The last you´d really see me

If I had known

Your final words would be: ¨I miss you, my daughter, ¨

I would have grown wings to fly to you, I would have never let you go or said goodbye

I would have stopped time

If I had known Sondra Radvanovsky en el Carnegie Hall

Imposible contener las lágrimas. Quedaba pendiente aún, como cierre oficioso del ciclo, el aria ¨La mamma morta¨, de Andrea Chénnier de Umberto Giordano. La pieza fue quizá lo más meritorio del concierto por su densidad musical y la calidad del canto. Radvanovsky dejó a un lado los complejos del canto moderno, y coloreó la línea con voces medias y notas naturales de pecho. La anchura de su voz consiguió llenar cada rincón del Carnegie Hall, y su ponderado legato, tan poderoso como musical, consiguió emocionar de nuevo a los presentes, quizá ya algo exhaustos de tanto esfuerzo sentimental, pero que sin embargo irrumpieron en una ovación estruendosa.

Los bises fueron tres en total, de desigual calidad e interés.
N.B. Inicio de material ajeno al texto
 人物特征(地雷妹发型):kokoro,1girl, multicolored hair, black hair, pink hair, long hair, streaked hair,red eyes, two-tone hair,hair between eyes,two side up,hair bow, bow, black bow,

Del ¨Io son l´umile ancella¨ de Cilea, demasiado atildada, con sonidos poco claros y cargados en la máscara, pasamos a una fantástica versión de ¨Vissi d´arte¨, mucho más interesante por el excelente uso de la mesa di voce, unos cambios dinámicos inspirados y fulgurantes ataques a plena voz. La noche terminó con una prescindible ¨Somewhere Over The Rainbow¨ de Harold Arlen.
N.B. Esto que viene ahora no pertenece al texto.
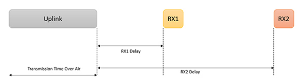 图 2:能效最高的 LoRaWAN 类别(A 类操作)让设备尽可能长时间休眠,仅在向网关传输(上行链路)数据时才开始工作,并在上行链路完成后打开第 1 个接收窗口 (RX1) 和第 2 个接收窗口 (RX2)。(图片来源:Murata Electronics)

A juzgar por la apasionada reacción del público de Nueva York, podemos decir que el recital de Sondra Radvanovsky en el Carnegie Hall fue un éxito rotundo. Para la artista, la guinda a su aparición triunfal en el Met con la Medea de Cherubini, que la ha encumbrado como la gran diva contemporánea, algo así como una Callas campechana y posmoderna. Y esa evolución de las estrellas de la ópera da una idea también de la evolución del canto. Aunque hay ciertos parecidos estilísticos entre nuestra diva de hoy y las de antaño, la Radvanosky, como sus coetáneas, canta colocando siempre el sonido en la cabeza, con coberturas cromáticas en la sien, los pómulos o la gola. El sonido no corre libre, tratando siempre de no sonar abierto, y eso hace que las notas suenen veladas y débiles; cuando no feas, sobre oscurecidas o engoladas. El timbre de Sondra tiene una calidez singular y el estilo se engarza en la música, obrando el misterio de los grandes artesanos líricos. No obstante, queda en el aire la incógnita de qué pasaría si ese ropaje armónico, esa vibración emocionante en el agudo sonaran más libres, no comprimidos ni entubados por la colocación del canto.
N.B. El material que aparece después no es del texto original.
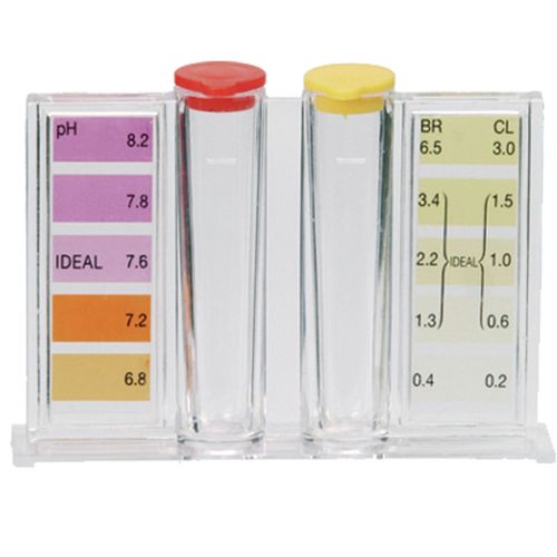 ANALIZADOR MANUAL DE PH Y CLORO PARA PISCINAS. Accesorio imprescindible para man tener los niveles óptimos de cloro/bromo y pH y obtener un agua en perfectas con diciones para el baño. Incluye un práctico estuche que permite almacenar el comp arador y los botes de reactivo. Fácil de utilizar, permite obtener los resultado s en segundos y comprobar visualmente el nivel de cada parámetro. Apto para todo tipo de piscinas (enterradas y elevadas) y spas de hidromasaje.

Aunque los más agoreros piensan que este fue el último gran recital en Nueva York de una Sondra Radvanosky en plena forma, parece claro que la artista le ha demostrado al público, y a la vida, que entre la pérdida y el amor, siempre está la esperanza.

OW 


Carnegie Hall, a 16 de noviembre de 2022. Sondra Radvanovsky, soprano. Anthony Manoli, piano. Recital de Sondra Radvanovsky en el Carnegie Hall

Obras de Henry Purcell, George Frideric Handel, Henri Duparc, Sergei Rachmaninoff, Franz Liszt, Richard Strauss, Guiseppe Verdi, Stephano Donaudy, Jake Heggie, Umberto Giordano, Francesco Cilea, Giacomo Puccini, Harold Arlen.